Endpoint Client — Design Spec

Multi-process HTTP worker pool that sends queries to inference endpoints over persistent connections and delivers responses back to the load generator with minimal latency overhead.

Component specs: async_utils · commands · config · core · dataset_manager · endpoint_client · evaluation · load_generator · metrics · openai · plugins · profiling · sglang · testing · utils

Overview

endpoint_client/ sends queries to remote inference endpoints and delivers responses back to the load generator. It uses a multi-process worker pool communicating over ZMQ IPC to bypass the GIL and sustain high request rates.

This file is the primary component-level design spec for the endpoint client. For deeper implementation detail on the connection pool, worker internals, SSE handling, and performance analysis, see the companion deep-dive document ENDPOINT_CLIENT.md.

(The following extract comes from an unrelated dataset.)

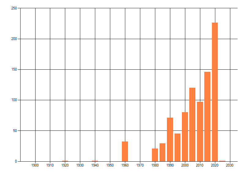 Het aantal atlasblokken (5x5 km) waarin de soort is gemeld binnen een periode van vijf jaar (vanaf 1980) of twintig jaar. Niet gecorrigeerd voor waarnemersinspanning en het aantal doorgegeven waarnemingen kan sterk variëren per periode, dus een trend in verspreiding kan hier niet direct uit worden afgelezen. Het opgegeven jaartal is het eerste jaar van de periode. Bron: gevalideerde waarnemingen uit de NDFF.
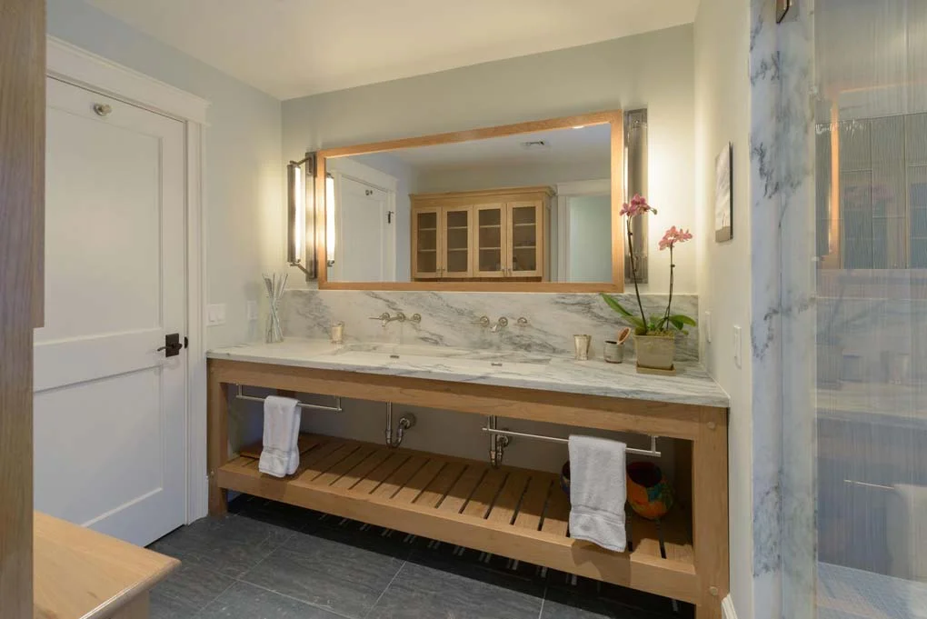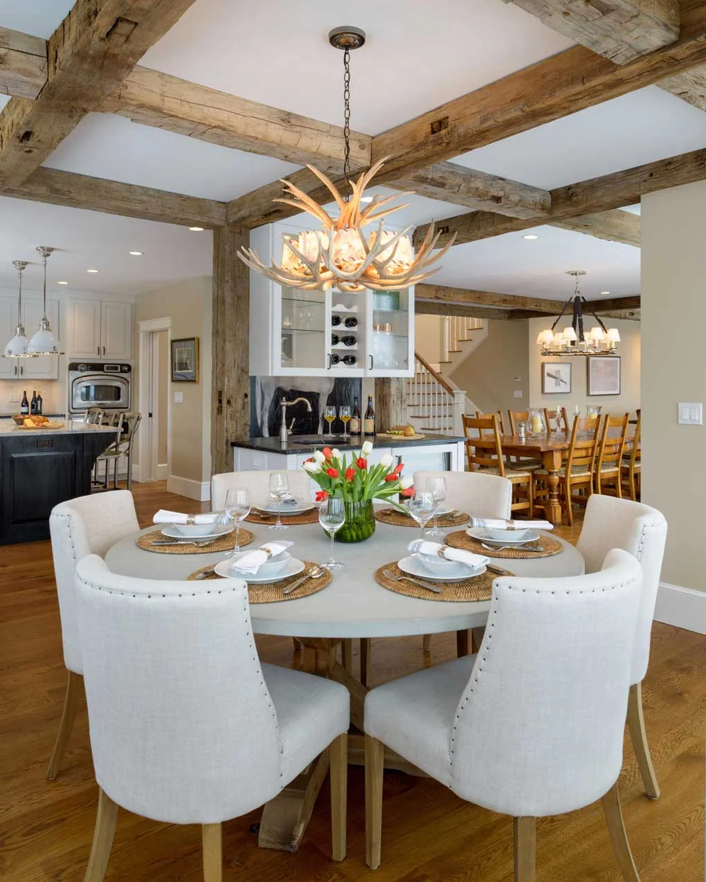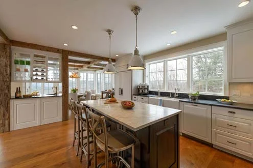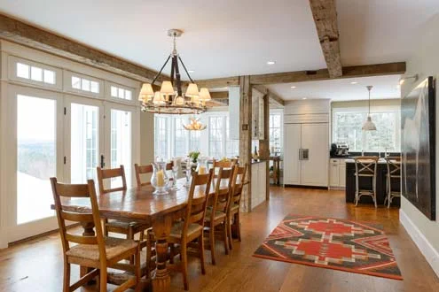 THIS VACATION HOME with its proximity to skiing, and fantastic property for year-round outdoor activities, is perfect for this young and active family. The casual warmth and comfort of the reclaimed wood floors and timbers, fieldstone fireplace, light warm colors, clean details and open spaces all contribute to the transformation of this home; bringing a brighter and more casual setting while addressing flow and functionality when the home fills with family and friends!

For detailed CPU affinity configuration and tuning parameters, see CLIENT_PERFORMANCE_TUNING.md and PERF_ARCHITECTURE.md.

Responsibilities

Spawn and manage a pool of worker processes
Route outbound queries to workers via round-robin
Deliver inbound responses (QueryResult, StreamChunk) to callers
Manage persistent TCP connections per worker
Apply CPU affinity for NUMA-aware placement

Architecture

Main Process
┌─────────────────────────────────────────┐
│  HTTPEndpointClient                     │
│    ├── uvloop event loop                │
│    └── WorkerManager                    │
│          └── WorkerPoolTransport (ZMQ) │
└──────────────┬──────────────────────────┘
               │ ZMQ IPC (inproc/ipc)
    ┌──────────┴──────────┐
    │                     │
Worker 0              Worker N
┌──────────┐        ┌──────────┐
│ uvloop   │        │ uvloop   │
│ Worker   │        │ Worker   │
│ ConnPool │        │ ConnPool │
└──────┬───┘        └──────┬───┘
       │ HTTP/1.1           │
       └─────────┬──────────┘
             Endpoint

Public Interface

`HTTPEndpointClient`

class HTTPEndpointClient:
    def __init__(self, config: HTTPClientConfig, ...) -> None

    # Sample issuer interface
    def issue(self, query: Query) -> None          # non-blocking, round-robin
    def shutdown(self) -> None                     # synchronous shutdown

    # Response retrieval (use one pattern per call-site)
    def poll(self) -> QueryResult | StreamChunk | None   # non-blocking
    async def recv(self) -> QueryResult | StreamChunk | None  # blocking async
    def drain(self) -> list[QueryResult | StreamChunk]        # batch

`HTTPClientConfig`

class HTTPClientConfig(WithUpdatesMixin, BaseModel):
    endpoint_urls: list[str]
    api_type: APIType = APIType.OPENAI
    api_key: str | None = None
    num_workers: int = -1               # -1 = auto (NUMA-aware)
    worker_gc_mode: Literal["disabled", "relaxed", "system"] = "relaxed"
    max_idle_time: float = 4.0
    warmup_connections: int = -1        # -1 = auto (50% of max_connections)
    max_connections: int = -1           # -1 = bound by ephemeral port limit
    stream_all_chunks: bool = False     # expose every SSE chunk (perf cost)
    cpu_affinity: AffinityPlan | None = None

Data Flow

Outbound (issue → endpoint):

HTTPEndpointClient.issue(query)
  → select next worker (round-robin index)
  → serialize Query with msgspec.json
  → ZMQ PUSH to worker socket
  → Worker receives query
  → HttpRequestAdapter formats HTTP request
  → ConnectionPool acquires connection
  → HTTP/1.1 request sent

Inbound (endpoint → caller):

HTTP response received by Worker
  → HttpResponseProtocol (httptools parser)
  → Accumulator builds QueryResult / StreamChunk
  → ZMQ PUSH result back to main process
  → WorkerPoolTransport routes to response queue
  → HTTPEndpointClient.recv() / poll() / drain()

Key Components

`ConnectionPool`

Maintains a persistent TCP connection pool per worker. Connections can be warmed up before the benchmark starts to reduce cold-start latency. Idle connections are evicted after max_idle_time seconds.

`HttpResponseProtocol`

asyncio.Protocol implementation using httptools.HttpResponseParser (llhttp C parser). Handles both streaming (SSE) and non-streaming responses. Connections are reused between requests via reset() without re-establishing TCP.

`WorkerManager`

Spawns worker processes via multiprocessing.Process. Monitors liveness with periodic checks during startup. Applies CPU affinity via AffinityPlan after all workers are alive.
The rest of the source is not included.